TASK BRIEF. An exact copy of all the data below is needed, without its pictures.

STORED DATA.
======

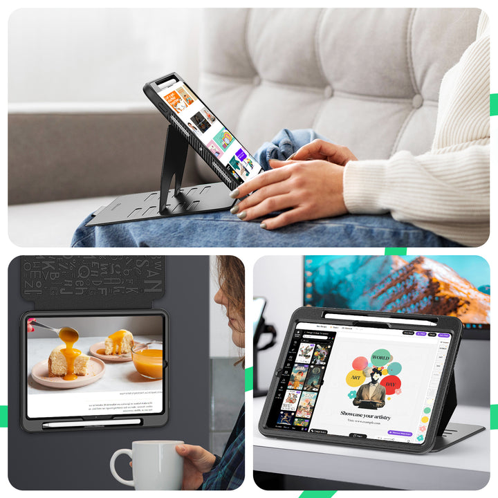 Multiple preset angles and strong magnetic alignment keep your tablet steady for typing, viewing, or drawing.
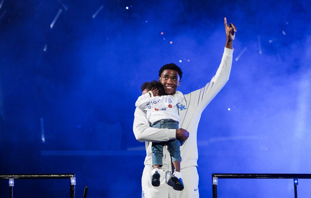The moment served as a coming-out party of sorts for Garrison and Akarii. After the season, Garrison came on KSR and opened up about his son to Ryan Lemond. For Father’s Day, he filmed a short video about Akarii for the UK Sports Network. At Big Blue Madness this season, Garrison even brought Akarii on stage with him, another idea from Pope, who helped lead the crowd in singing “Happy Birthday” to the now two-year-old.
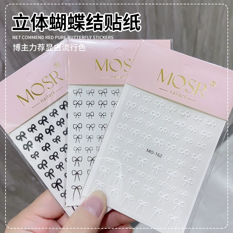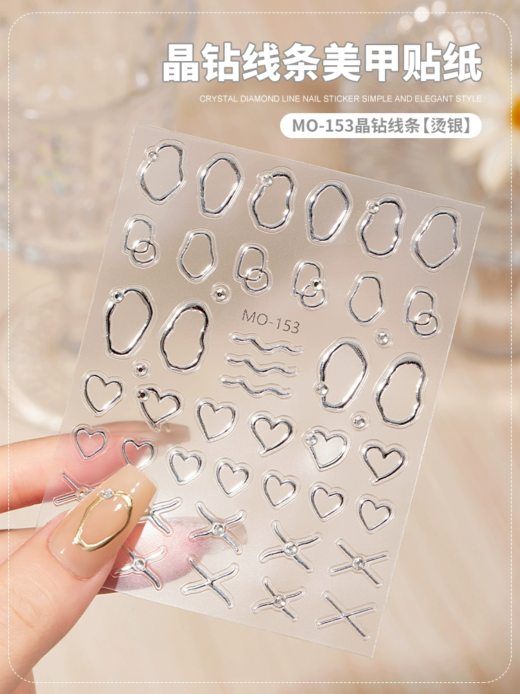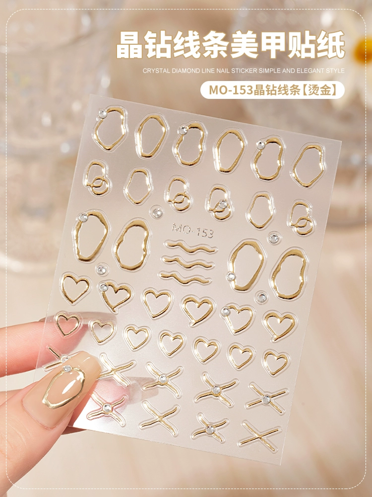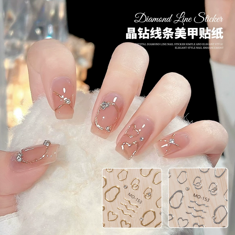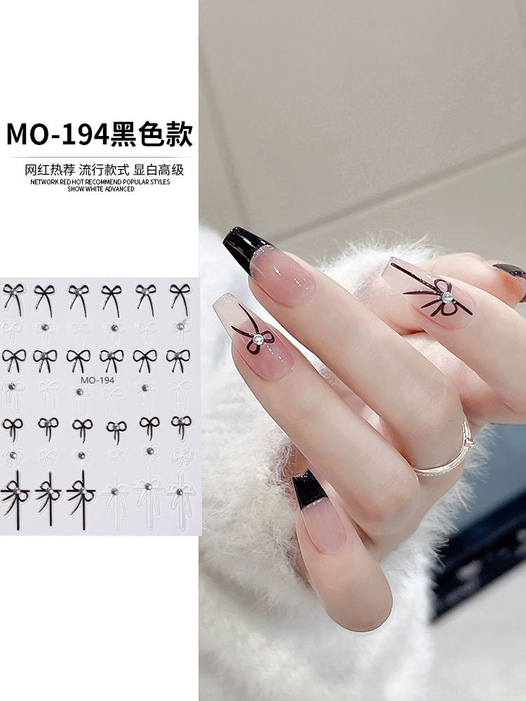 Internet celebrity hot crystal diamond bow nail art sticker 2025 new new year red belt line nail decal decoration

======

REPLY TO THE TASK.
 Multiple preset angles and strong magnetic alignment keep your tablet steady for typing, viewing, or drawing.
The moment served as a coming-out party of sorts for Garrison and Akarii. After the season, Garrison came on KSR and opened up about his son to Ryan Lemond. For Father’s Day, he filmed a short video about Akarii for the UK Sports Network. At Big Blue Madness this season, Garrison even brought Akarii on stage with him, another idea from Pope, who helped lead the crowd in singing “Happy Birthday” to the now two-year-old.
 Internet celebrity hot crystal diamond bow nail art sticker 2025 new new year red belt line nail decal decoration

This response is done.